Phil Collins became an alcoholic because he had too much spare time on his hands.
The 65-year-old singer-songwriter – who started drinking heavily following the collapse of his nine-year marriage to Orianne Cevey in the late 2000s – has confessed he "nearly died" after his drinking problem left him hospitalised with acute pancreatitis.
He said: "My organs were kind of f****d. It was spirits, corrosive stuff."
Phil explained that he was initially able to justify his excessive drinking to himself, before he realised it had become a serious problem.
He told the Sunday Times newspaper that he was saying to himself that he "deserved a break in my life where I could do anything, whatever I wanted".
However, in an extract from his autobiography ‘Not Dead Yet’, Phil said that alcoholism hit him at that stage in time because he had too much free time.
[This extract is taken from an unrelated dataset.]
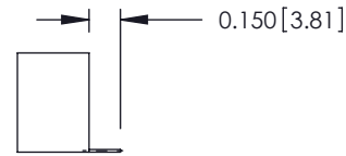
554 Contact Code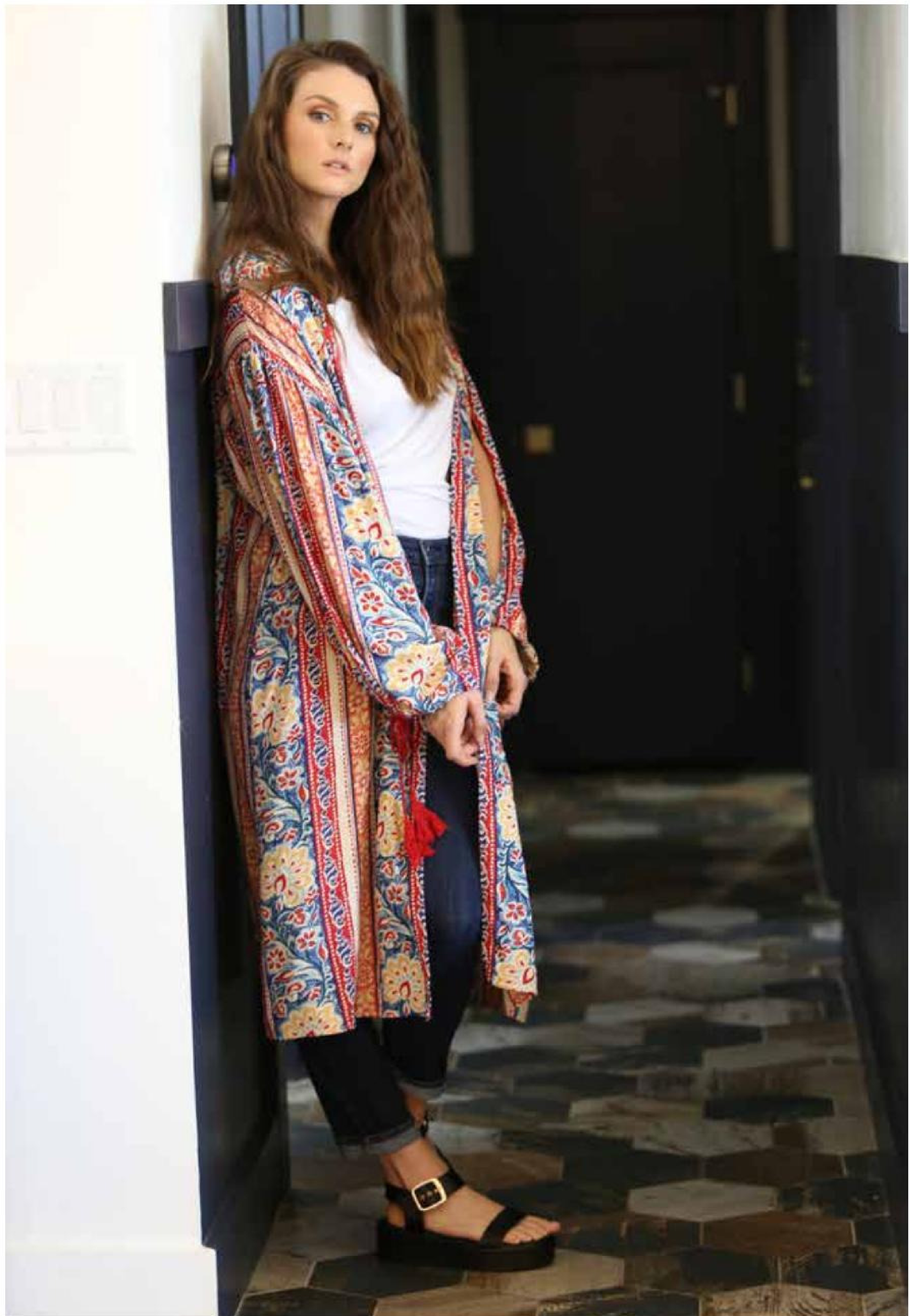
B9682 W850 Multi, Rayon. Printed kimono, with slits on the arms. 1/2/2/1, $21.50 X2AG4 ASIS White, Poly. Scoop neck short sleeve t-shirt. 2/2/2, $8.00

He writes: "It took me until the age of 55 to become an alcoholic. I got through the heady 1960s, the trippy 1970s, the imperial 1980s, the busy 1990s. I was retired, content, and then I fell. Because I suddenly had too much time on my hands."
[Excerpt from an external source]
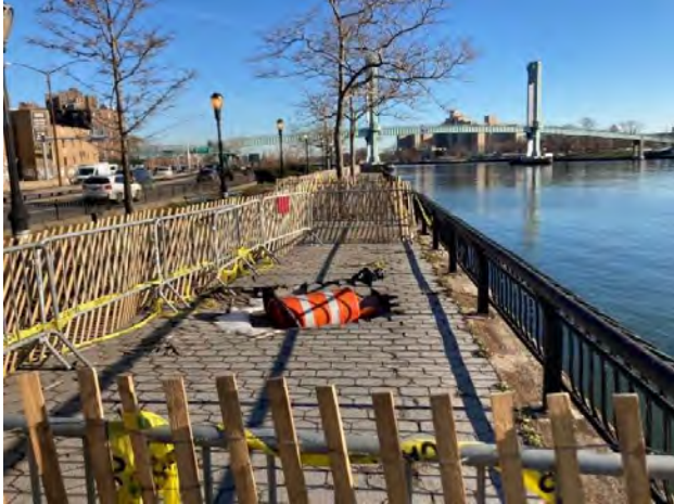
Photo 2 Looking north from 98 th St. Another sinkhole from tidal action. The FDR drive can be seen to left, adjacent to eroding structure.

Meanwhile, Phil also opened up about the controversial break-up from his second wife Jill Tavelman, in 1996, denying that he revealed his plan to divorce her via fax.
Phil said: "The implication was that I was saying ‘Hello darling, I want a divorce’. That wasn’t the case.
"We had discussed that on the phone and probably in person. I was [on tour] in Frankfurt, trying to get through [to his then home in Sussex]. The phone kept going down so I sent a fax from the dressing room. All I know is that I have never asked for a divorce by fax."